Exercise objective
Among the entries below, only the lines from the one with "De standaard laat" through the one with "Begleitet werden die" are wanted, reproduced exactly. Pictures are not wanted.

Extracted material
========

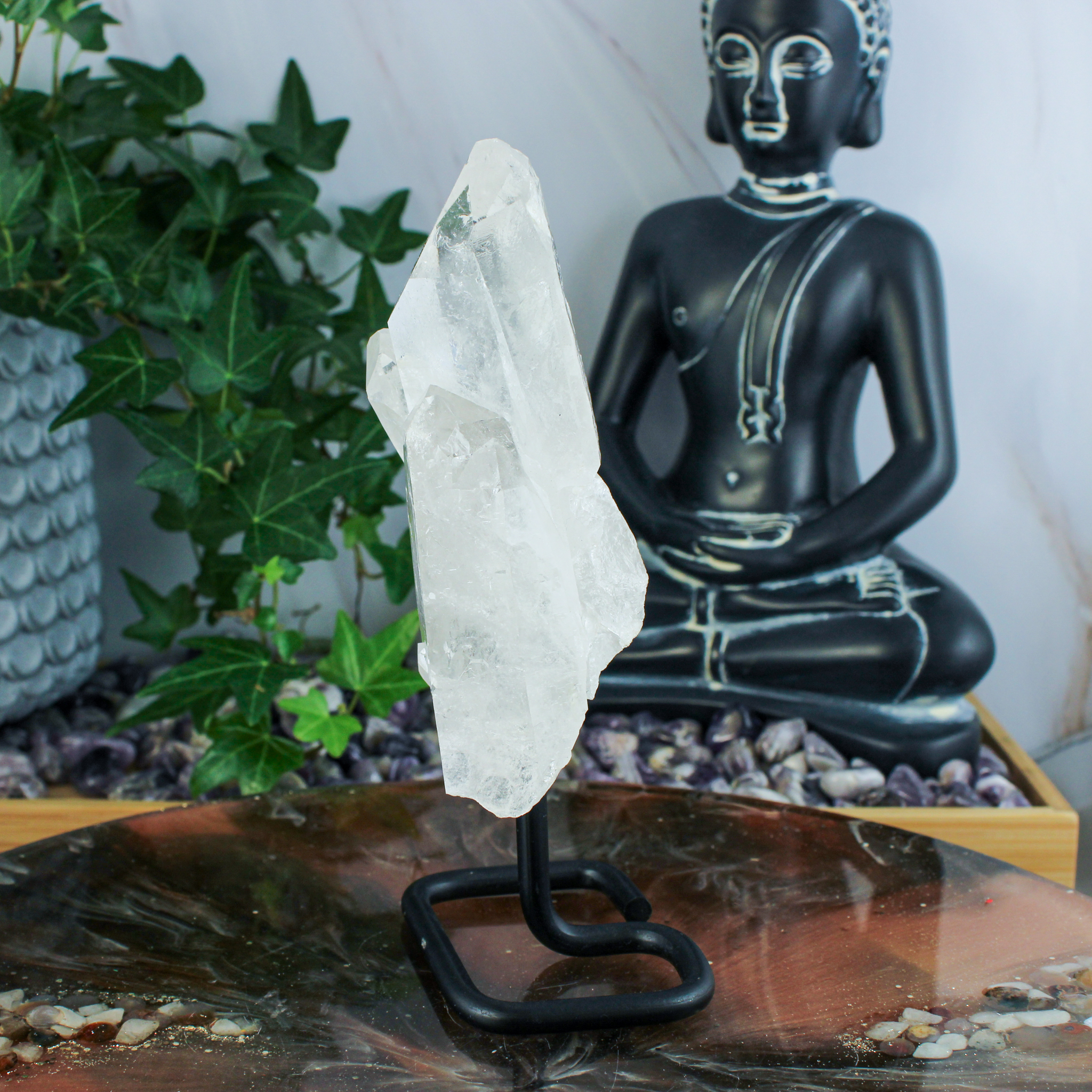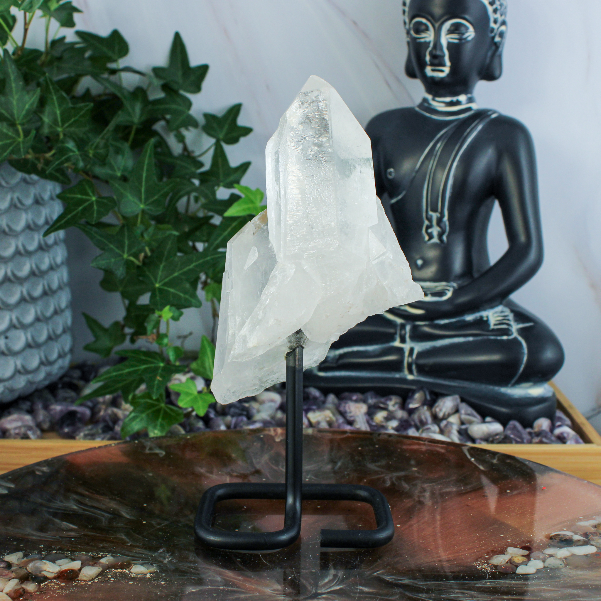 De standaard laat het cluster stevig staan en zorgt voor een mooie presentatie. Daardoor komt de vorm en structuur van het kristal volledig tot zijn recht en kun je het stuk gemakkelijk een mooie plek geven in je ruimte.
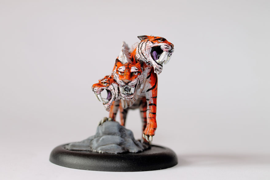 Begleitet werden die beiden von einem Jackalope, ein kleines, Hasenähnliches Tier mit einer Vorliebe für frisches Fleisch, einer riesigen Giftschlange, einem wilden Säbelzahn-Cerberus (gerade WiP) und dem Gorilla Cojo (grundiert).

========

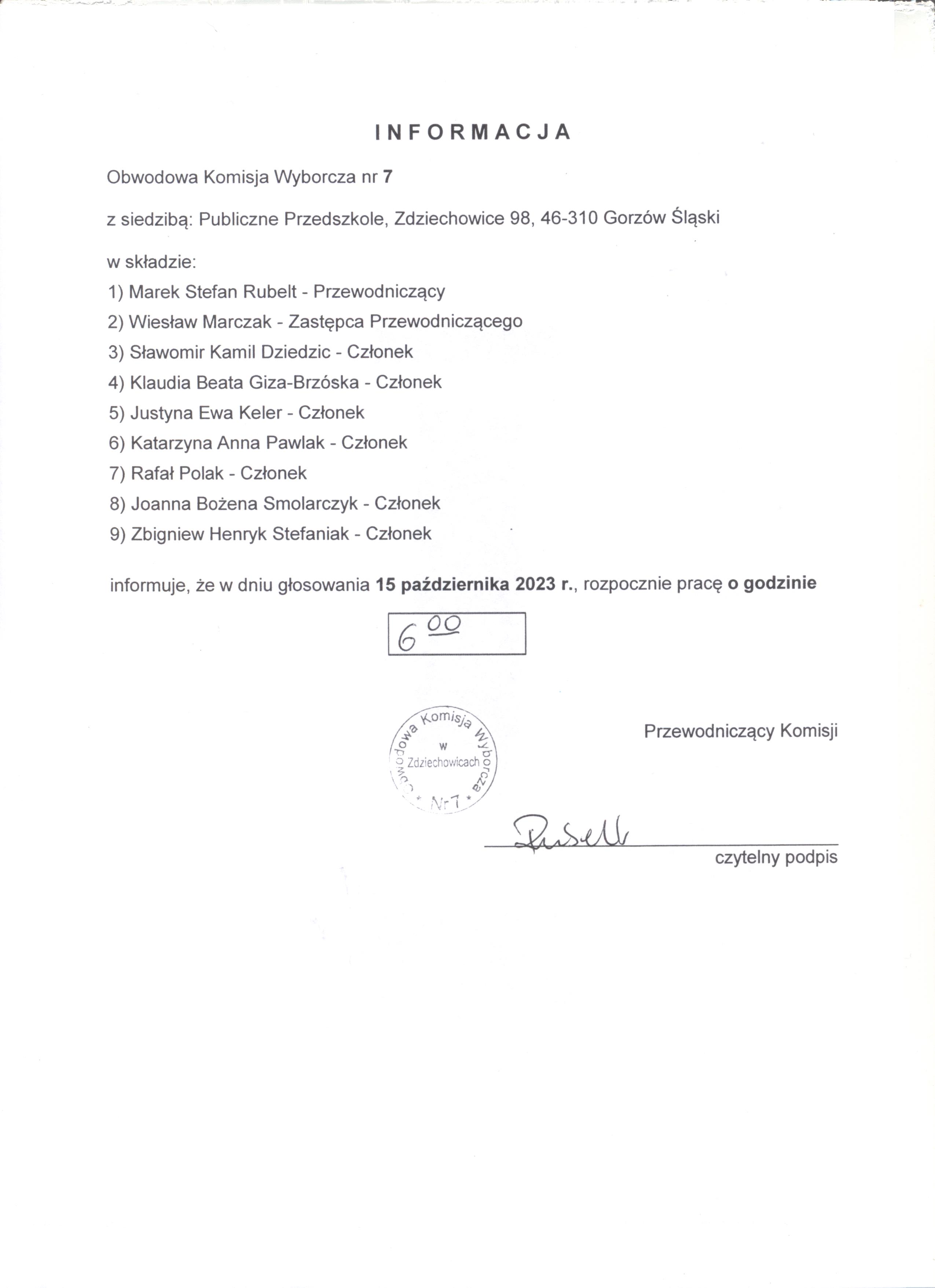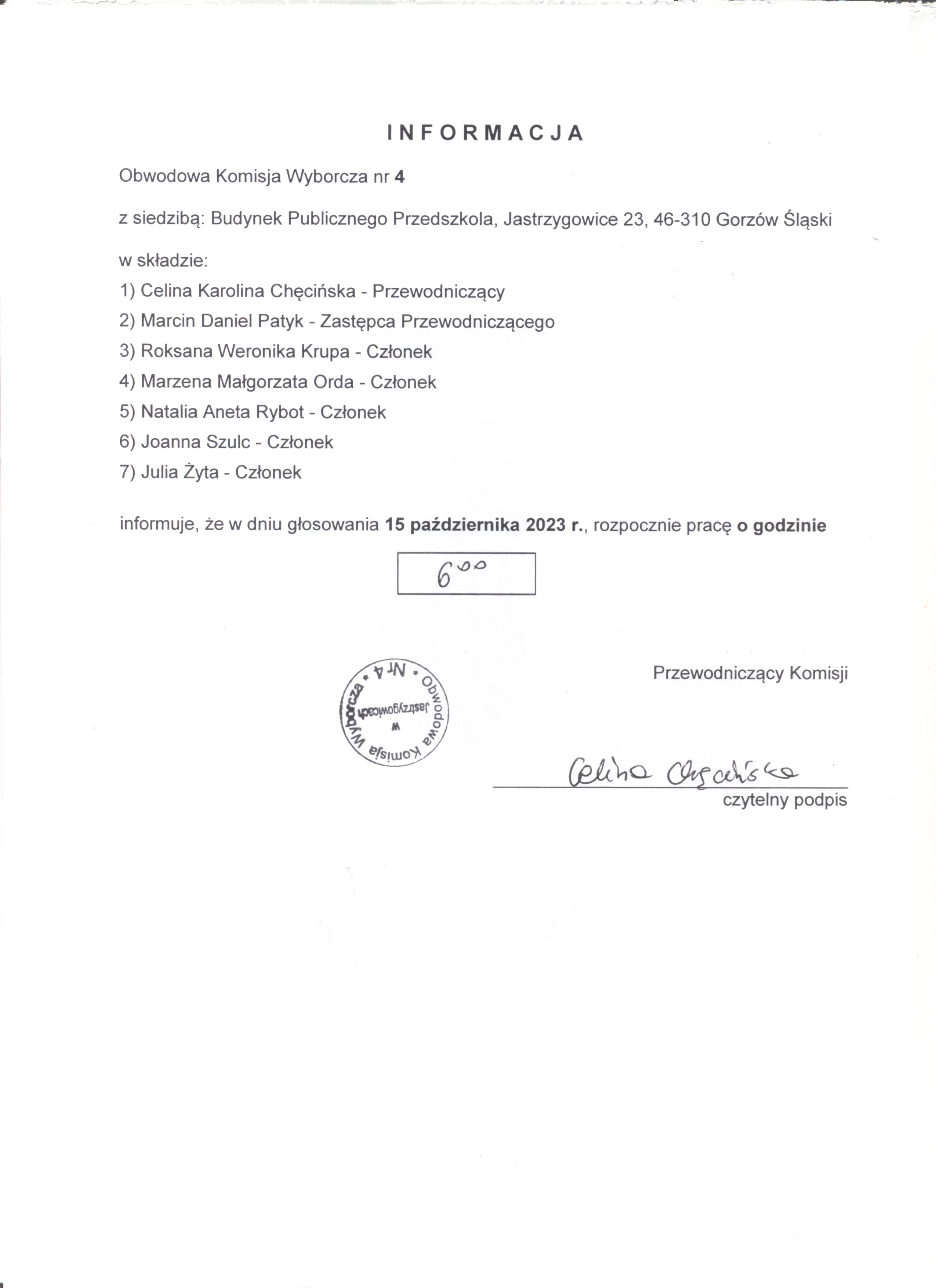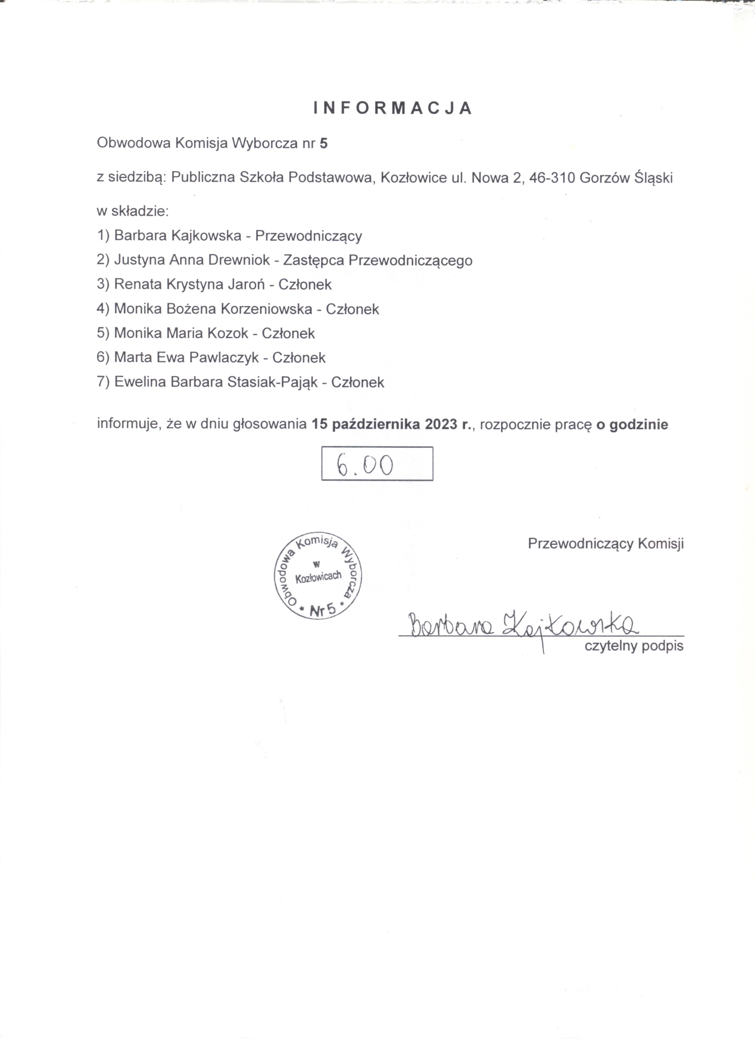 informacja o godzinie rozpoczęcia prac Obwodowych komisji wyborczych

========

Response for this exercise
 De standaard laat het cluster stevig staan en zorgt voor een mooie presentatie. Daardoor komt de vorm en structuur van het kristal volledig tot zijn recht en kun je het stuk gemakkelijk een mooie plek geven in je ruimte.
 Begleitet werden die beiden von einem Jackalope, ein kleines, Hasenähnliches Tier mit einer Vorliebe für frisches Fleisch, einer riesigen Giftschlange, einem wilden Säbelzahn-Cerberus (gerade WiP) und dem Gorilla Cojo (grundiert).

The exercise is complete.